[The problem] Write out the data below in full, unchanged, minus the images.

[Dataset records]

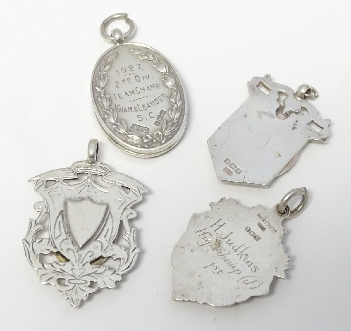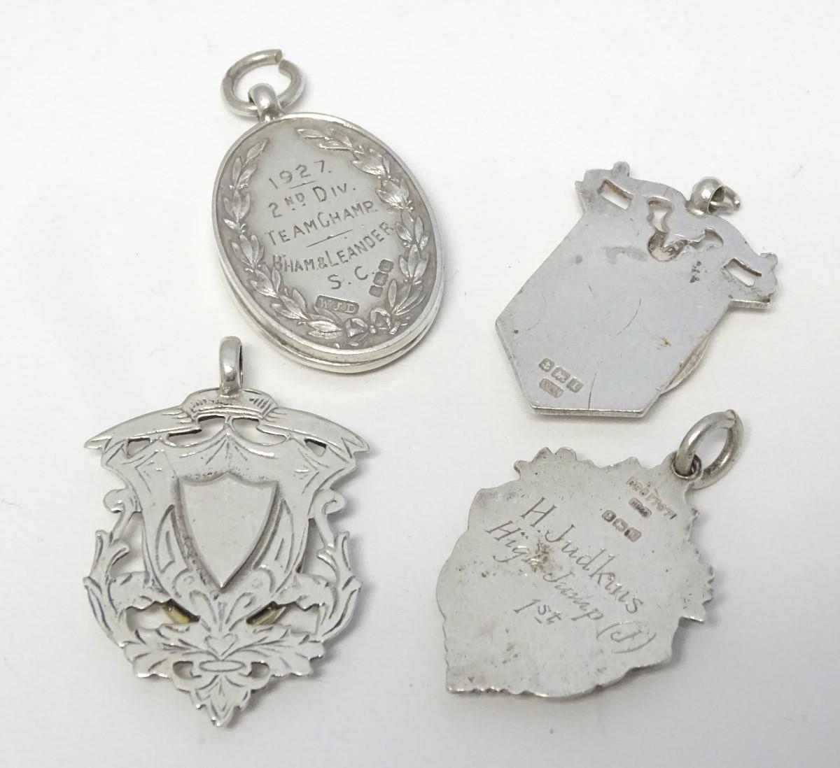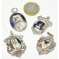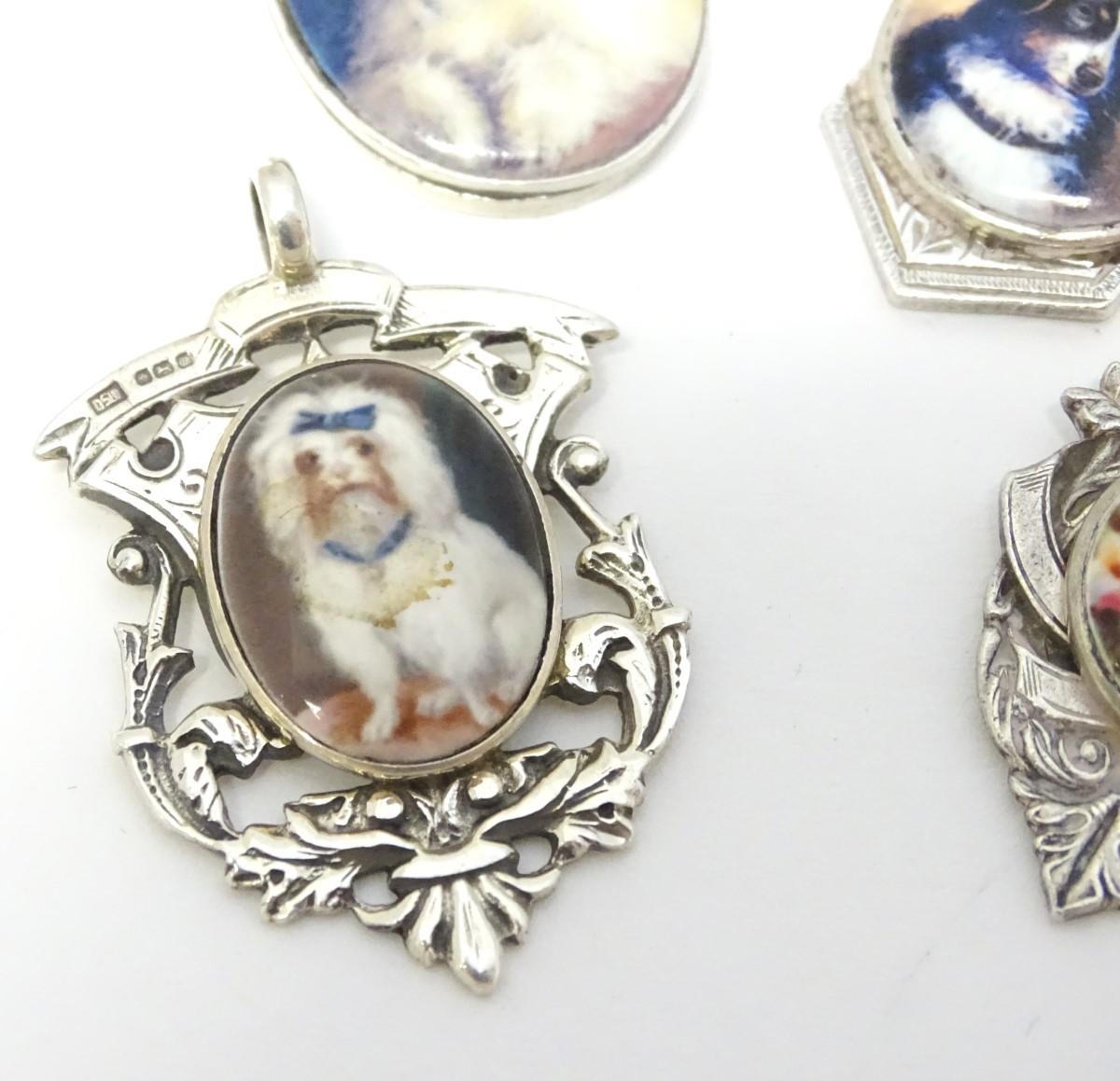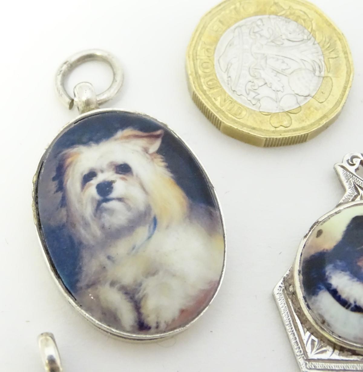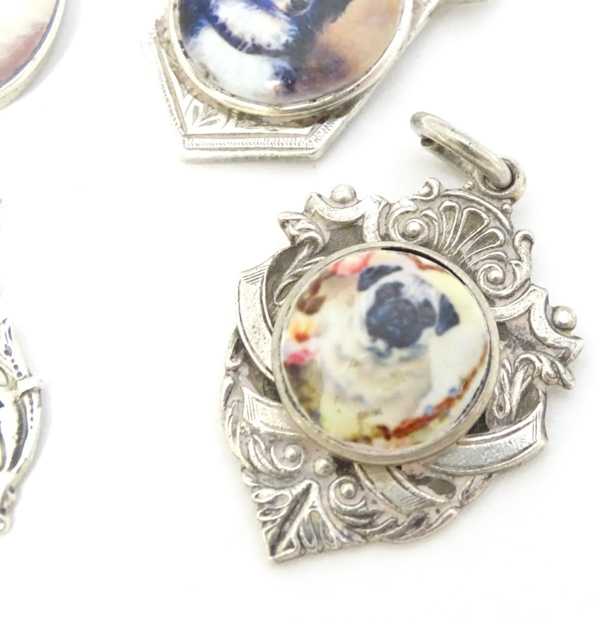 Assorted silver and silver plate fob with later applied enamel decoration depicting various dogs. (4)
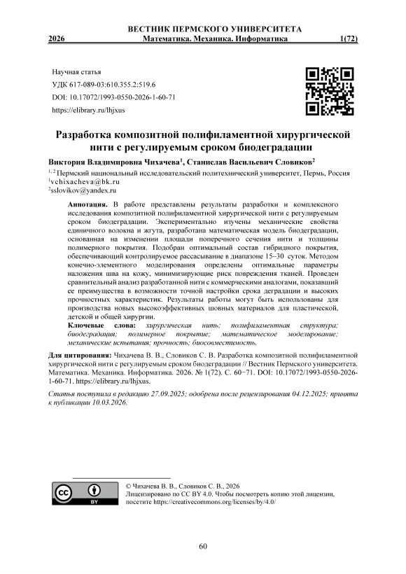 В работе представлены результаты разработки и комплексного исследования композитной полифиламентной хирургической нити с регулируемым сроком биодеградации. Экспериментально изучены механические свойства единичного волокна и жгута, разработана математическая модель биодеградации, основанная на изменении площади поперечного сечения нити и толщины полимерного покрытия. Подобран оптимальный состав гибридного покрытия, обеспечивающий контролируемое рассасывание в диапазоне 15–30 суток. Методом конечно-элементного моделирования определены оптимальные параметры наложения шва на кожу, минимизирующие риск повреждения тканей. Проведен сравнительный анализ разработанной нити с коммерческими аналогами, показавший ее преимущества в возможности точной настройки срока деградации и высоких прочностных характеристик. Результаты работы могут быть использованы для производства новых высокоэффективных шовных материалов для пластической, детской и общей хирургии.
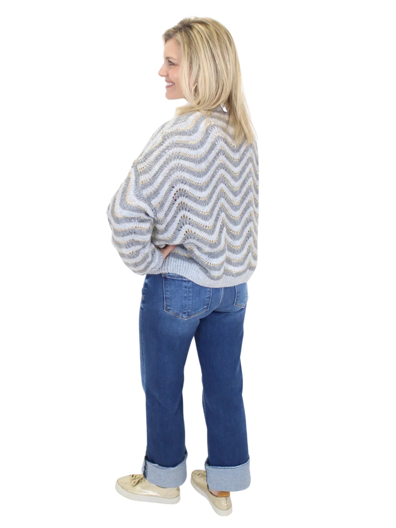 The Grey Wavy Striped Oversized Sweater features a cozy fabric with a subtle shimmer from its grey and metallic gold wavy stripe pattern. Its oversized drop shoulder fit ensures comfort and a relaxed silhouette, while ribbed cuffs and hem provide gentle structure. This versatile sweater effortlessly blends warmth and style for any occasion.
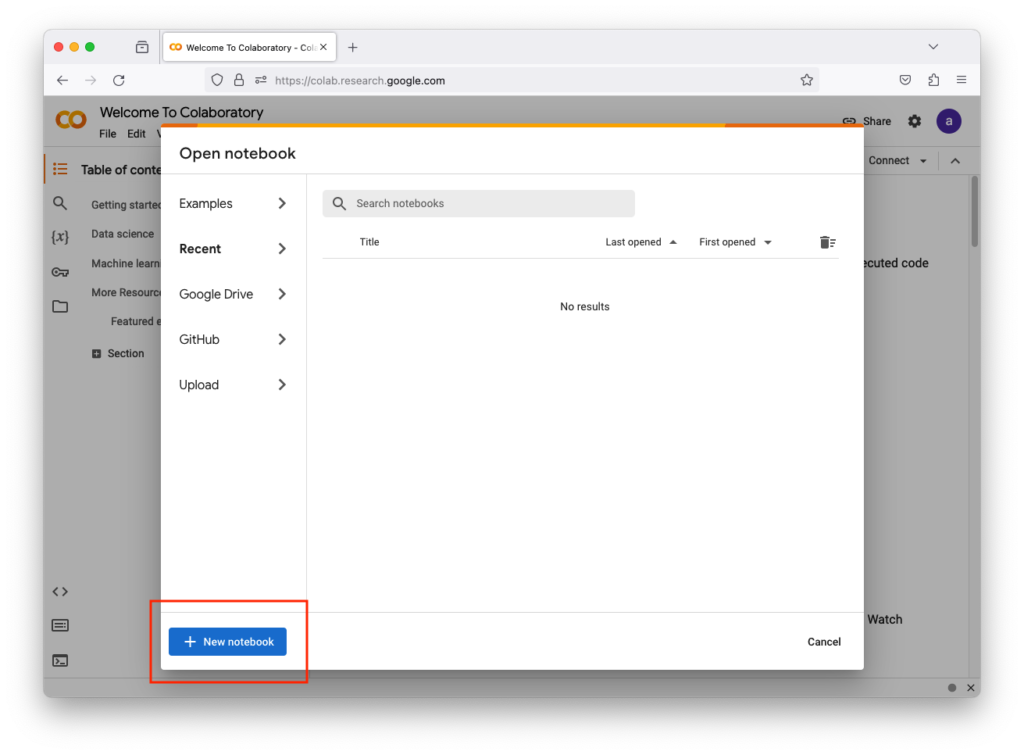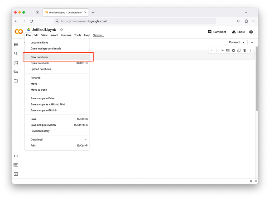 After logging in, go to New Notebook or go to File, then New Notebook.
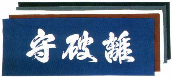 『守破離』の文字を一面に描いた剣道用面手拭いの販売です。 サイズ:(白地)約33cm×約100cm (色地)約36cm×約96cm カラー:白・紺・青・グレー・エンジ
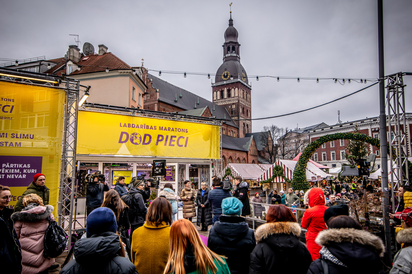 Otrdien, 17. decembrī, tika atklāts labdarības maratons Dod Pieci!. Uz 152,5 stundām dīdžejus Tomu Grēviņu, Magnusu Eriņu un Martu Grigali stikla studijā ieslēdza Ziedot.lv vadītāja Rūta Dimanta un šī gada tēmas vēstnese, Latvijas Radio 1 raidījuma „Krustpunktā" producente Evija Unāma. Kopš maratona sākuma Dod Pieci! stikla studijā Doma laukumā jau ir viesojušās grupas Prāta Vētra, Astro'n'out, My Radiant You, Brīvrunu projekts, fonda „Viegli" Kartupeļu lauka bigbends, kā arī Rīgas Doma zēnu koris kopā ar komponistu Raimondu Tigulu un diriģentu Mārtiņu Klišānu, kuri ar šī gada Dod Pieci! himnu „Klusi čukst Dievs" atklāja maratonu. Studijā viesojās arī Baltijas valstu prezidenti, Latvijas Radio 1 raidījuma „Krustpunktā" vadītājs Aidis Tomsons un filosofs Vents Sīlis. Dod Pieci! īpašais aģents Čiekurmens – īstajā vārdā Rafaels Ciekurs – kopā ar dziesminieku Kārli Kazāku viesojās Rīgas Austrumu klīniskās universitātes slimnīcas Toksikoloģijas un sepses klīnikā, lai teiktu paldies slimnīcas personālam par pašaizliedzīgo un nozīmīgo darbu, ko viņi veic ik dienas. 152,5 labdarības maratona stundās stikla studijā viesosies vairāk nekā 100 Latvijā populāri un mīlēti mākslinieki, kā arī nozares eksperti, lai atbalstītu šī gada Dod Pieci! mērķi.
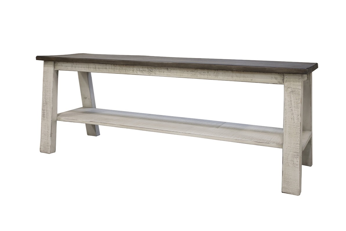 - Two-tone finish features a hand-rubbed finish in off-white, and tops are finished in a beautiful warm gray stain.
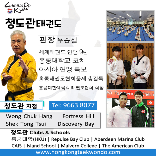 ▲ 청도관 : 태권도 명장 찐사부!!! 우종필 관장(세계태권도 연맹 9단), 우태권 관장(세계태권도 연맹 6단) 웡척항 제 4관 신규오픈, Fotress Hill, Shek Tong Tsui, D.B/ Clubs & Schools / 문의 : 852 9663 8077
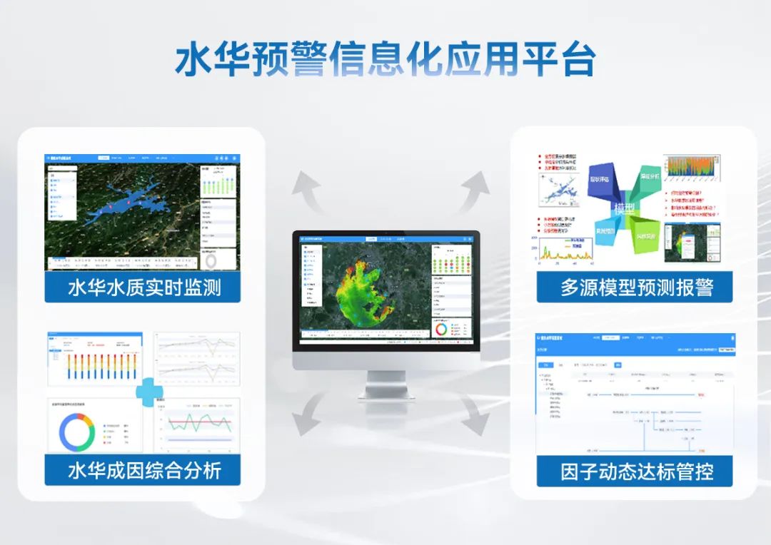 构建水华“监测-分析-呈现-预警-建议”一体化智能应用平台,实现水质水华实时监测、多源模型预测报警、水华成因综合分析、因子动态达标管控等目标,核心功能包括:
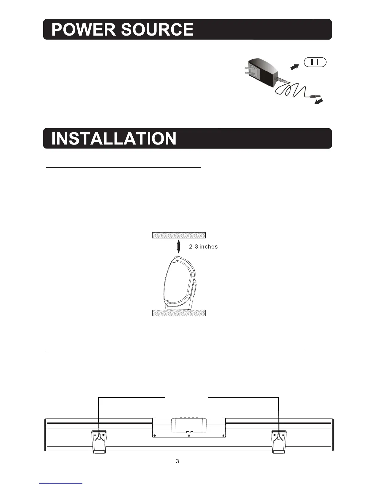 enclosed space, be sure to allow at least 2-3 inches of space around the Sound Bar
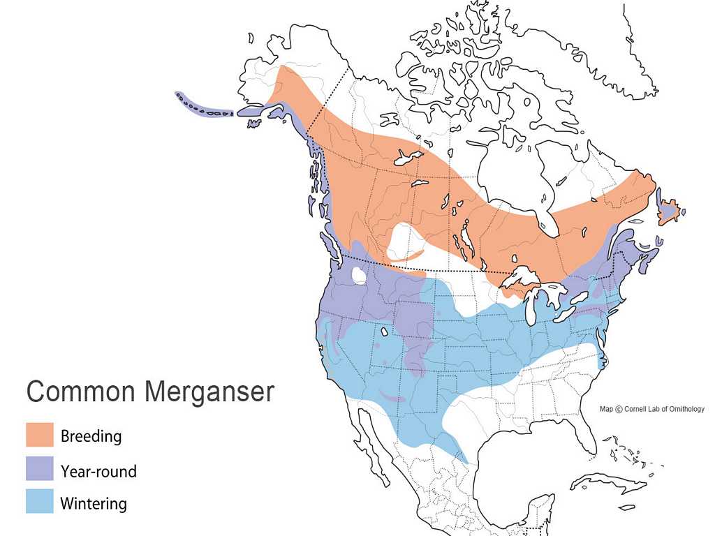 - Breeding: Common Mergansers are typically found in boreal freshwater lakes and rivers.

[Task result]
 Assorted silver and silver plate fob with later applied enamel decoration depicting various dogs. (4)
 В работе представлены результаты разработки и комплексного исследования композитной полифиламентной хирургической нити с регулируемым сроком биодеградации. Экспериментально изучены механические свойства единичного волокна и жгута, разработана математическая модель биодеградации, основанная на изменении площади поперечного сечения нити и толщины полимерного покрытия. Подобран оптимальный состав гибридного покрытия, обеспечивающий контролируемое рассасывание в диапазоне 15–30 суток. Методом конечно-элементного моделирования определены оптимальные параметры наложения шва на кожу, минимизирующие риск повреждения тканей. Проведен сравнительный анализ разработанной нити с коммерческими аналогами, показавший ее преимущества в возможности точной настройки срока деградации и высоких прочностных характеристик. Результаты работы могут быть использованы для производства новых высокоэффективных шовных материалов для пластической, детской и общей хирургии.
 The Grey Wavy Striped Oversized Sweater features a cozy fabric with a subtle shimmer from its grey and metallic gold wavy stripe pattern. Its oversized drop shoulder fit ensures comfort and a relaxed silhouette, while ribbed cuffs and hem provide gentle structure. This versatile sweater effortlessly blends warmth and style for any occasion.
 After logging in, go to New Notebook or go to File, then New Notebook.
 『守破離』の文字を一面に描いた剣道用面手拭いの販売です。 サイズ:(白地)約33cm×約100cm (色地)約36cm×約96cm カラー:白・紺・青・グレー・エンジ
 Otrdien, 17. decembrī, tika atklāts labdarības maratons Dod Pieci!. Uz 152,5 stundām dīdžejus Tomu Grēviņu, Magnusu Eriņu un Martu Grigali stikla studijā ieslēdza Ziedot.lv vadītāja Rūta Dimanta un šī gada tēmas vēstnese, Latvijas Radio 1 raidījuma „Krustpunktā" producente Evija Unāma. Kopš maratona sākuma Dod Pieci! stikla studijā Doma laukumā jau ir viesojušās grupas Prāta Vētra, Astro'n'out, My Radiant You, Brīvrunu projekts, fonda „Viegli" Kartupeļu lauka bigbends, kā arī Rīgas Doma zēnu koris kopā ar komponistu Raimondu Tigulu un diriģentu Mārtiņu Klišānu, kuri ar šī gada Dod Pieci! himnu „Klusi čukst Dievs" atklāja maratonu. Studijā viesojās arī Baltijas valstu prezidenti, Latvijas Radio 1 raidījuma „Krustpunktā" vadītājs Aidis Tomsons un filosofs Vents Sīlis. Dod Pieci! īpašais aģents Čiekurmens – īstajā vārdā Rafaels Ciekurs – kopā ar dziesminieku Kārli Kazāku viesojās Rīgas Austrumu klīniskās universitātes slimnīcas Toksikoloģijas un sepses klīnikā, lai teiktu paldies slimnīcas personālam par pašaizliedzīgo un nozīmīgo darbu, ko viņi veic ik dienas. 152,5 labdarības maratona stundās stikla studijā viesosies vairāk nekā 100 Latvijā populāri un mīlēti mākslinieki, kā arī nozares eksperti, lai atbalstītu šī gada Dod Pieci! mērķi.
 - Two-tone finish features a hand-rubbed finish in off-white, and tops are finished in a beautiful warm gray stain.
 ▲ 청도관 : 태권도 명장 찐사부!!! 우종필 관장(세계태권도 연맹 9단), 우태권 관장(세계태권도 연맹 6단) 웡척항 제 4관 신규오픈, Fotress Hill, Shek Tong Tsui, D.B/ Clubs & Schools / 문의 : 852 9663 8077
 构建水华“监测-分析-呈现-预警-建议”一体化智能应用平台,实现水质水华实时监测、多源模型预测报警、水华成因综合分析、因子动态达标管控等目标,核心功能包括:
 enclosed space, be sure to allow at least 2-3 inches of space around the Sound Bar
 - Breeding: Common Mergansers are typically found in boreal freshwater lakes and rivers.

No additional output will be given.